While there are only a few examples of enterprises actually using the combination of 5G and AI today, industry watchers say they may be able to work together to improve the way businesses operate. The relationship between 5G and AI will become a symbiotic one, but one that will remain in the near future for at least a while.

Moving past 4G

The ultimate goal of 5G is to allow for more devices on the network, decrease latency and allow for further innovation through faster network data processing speeds.

The current generation of wireless connectivity, 4G, has reached its capacity and organizations looking to handle the continuously rising level of data must turn to the next chapter. As Dan Bieler, principal analyst at Forrester, sees it, current wireless networks are seeking to expand beyond the restraints of 4G capabilities.  

"There is only a certain amount of data, [and] of devices that can be tracked in a given geographic location by existing technologies," Bieler said. "A few thousand devices per square kilometer, for instance."

This becomes more of an issue as enterprises look to increase the amount of data and number of sensors supported by the wireless networks they use, especially in the industrial sector that requires millions of data points and individual devices. Bieler said any organization that is seeking to significantly increase the number of devices they operate will soon hit a wall when using 4G -- one reason why 5G has been created.  

"5G has a very high capacity of sending data, just the sheer volume and bandwidth that is available," Bieler said. "5G is defined in a way that it supports up to a million devices in one square kilometer."

Combining 5G and AI

Though 5G is incredibly new and still in pre-deployment in many places, and AI has reached widespread adoption, analysts predict the two will flourish together. Artificial intelligence demands high data volumes to train models, and 5G may help deliver these large training data sets more quickly than current methods. With the network and data advantages that comes with 5G, the cemented use cases of AI -- machine learning and in-depth data analysis -- could be improved and expanded.

"5G makes AI better by having the low-latency, high data speeds and also high data device density so you can have all sorts of connected devices," Jeff Loucks, executive director at Deloitte's Center for Technology, Media & Telecommunications, said.

Experts believe that AI models will improve with the speed, decreased latency and increase in capacity that 5G can provide.

"You're able to get into multi-gigabit speeds, you're able to get into latency that's operating at sub-10 milliseconds," Jack Fritz, principal for technology, media and telecommunications at Deloitte, said. "And you're able to really improve reliability."

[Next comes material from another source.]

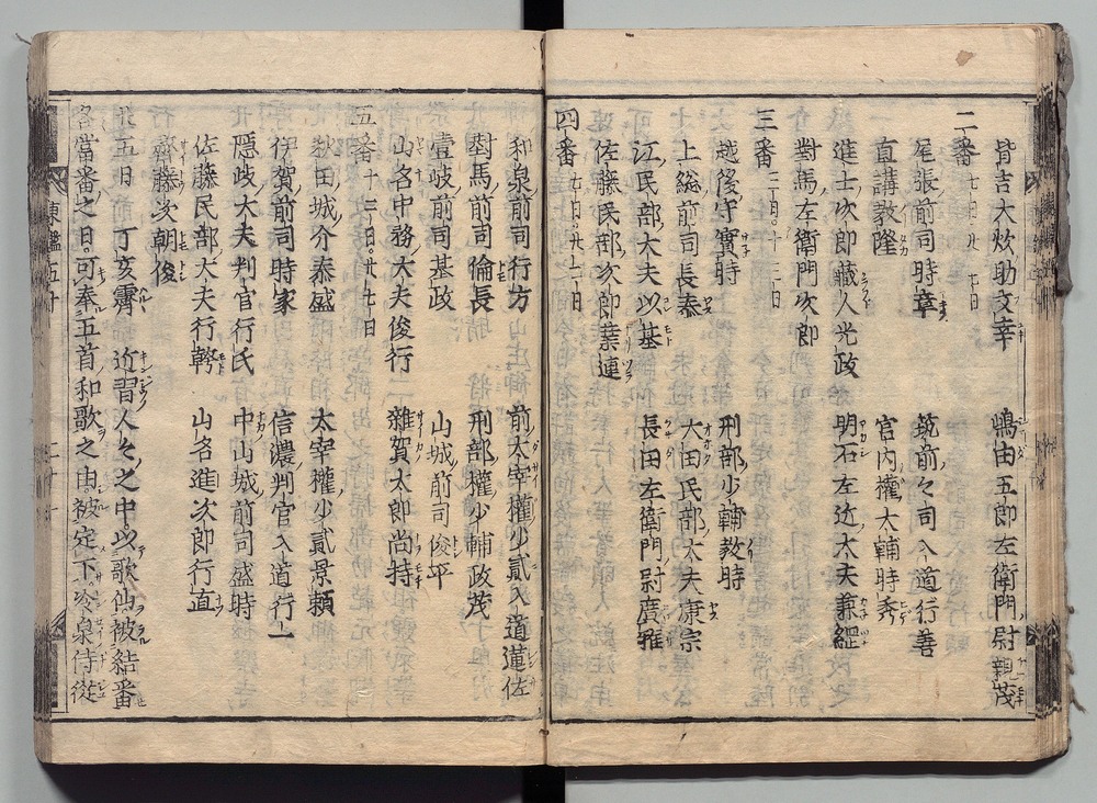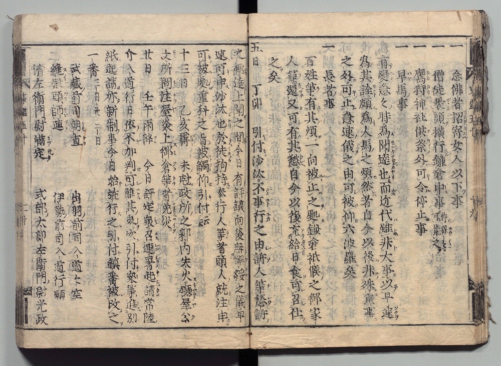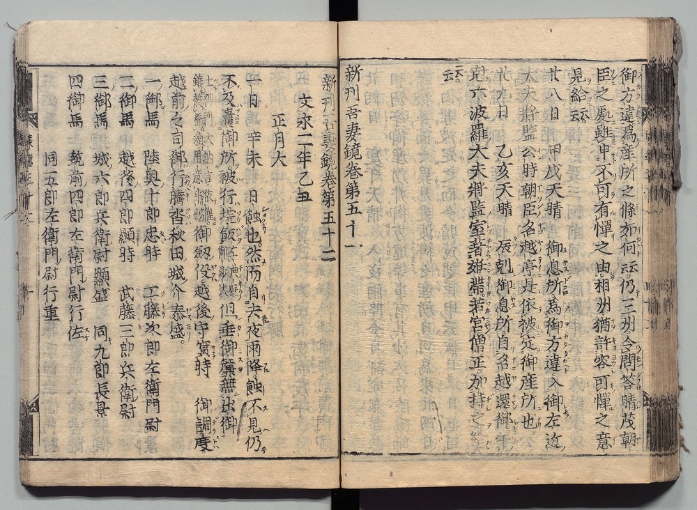 | 13 |  | 89201705 | 吾妻鏡 巻第二十二・二十三 Azuma Kagami (The Mirror of the East), Vols. 22 & 23 | | 江戸前期 寛文元年12月 1661 17世紀 | 26.9 cm x 19.7 cm |

It isn't just that 5G could bring upgrades to AI, but the opposite is true as well. AI can help route traffic and balance loads in the 5G network.

"AI makes 5G better in [regards to] network performance, simplifying deployments and enhancing service quality," Loucks said.

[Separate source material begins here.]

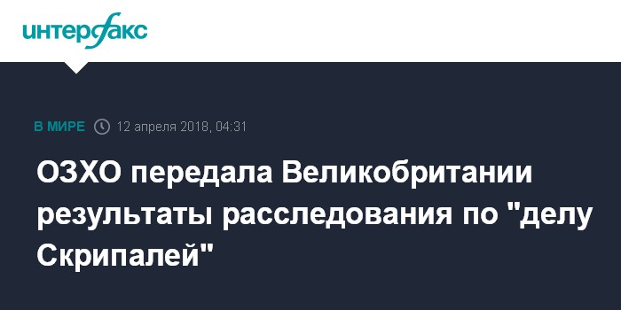 Москва. 12 апреля. INTERFAX.RU - Организация по запрещению химического оружия (ОЗХО) завершила расследование по отравлению Сергея Скрипаля и его дочери Юлии в Солсбери и передала результаты Великобритании, сообщил представитель организации, сообщила газета Daily Star, ссылаясь на британский МИД.

But 5G remains a young technology that still has yet to be rolled in out in many parts of the country, which means many are still trying to understand its capabilities.

"We are just at an early stage here because 5G has not been fully rolled out to the extent that all the functions and features … are available now," Bieler said.

The intelligent edge

Where these technologies will interact is mainly at the edge of the network, by utilizing a combination of processing power, artificial intelligence and advanced connectivity like 5G, Loucks said.

The intelligent edge is defined by devices distributed throughout a network and close to the users or appliances creating data that have the benefits of AI processing and 5G connectivity, allowing them to function more independently and efficiently.

"AI really helps in delivering the ultimate performance on the devices and certainly plays a significant role in network management as well as network deployment and planning," Fritz said.

By adding AI and 5G to the network, the possibilities for different use cases increase as well as the efficiency of current processes.

"This makes certain usage scenarios possible that traditionally would not have been possible, like a smart port for instance, or like a fully automated manufacturing environment," Bieler said.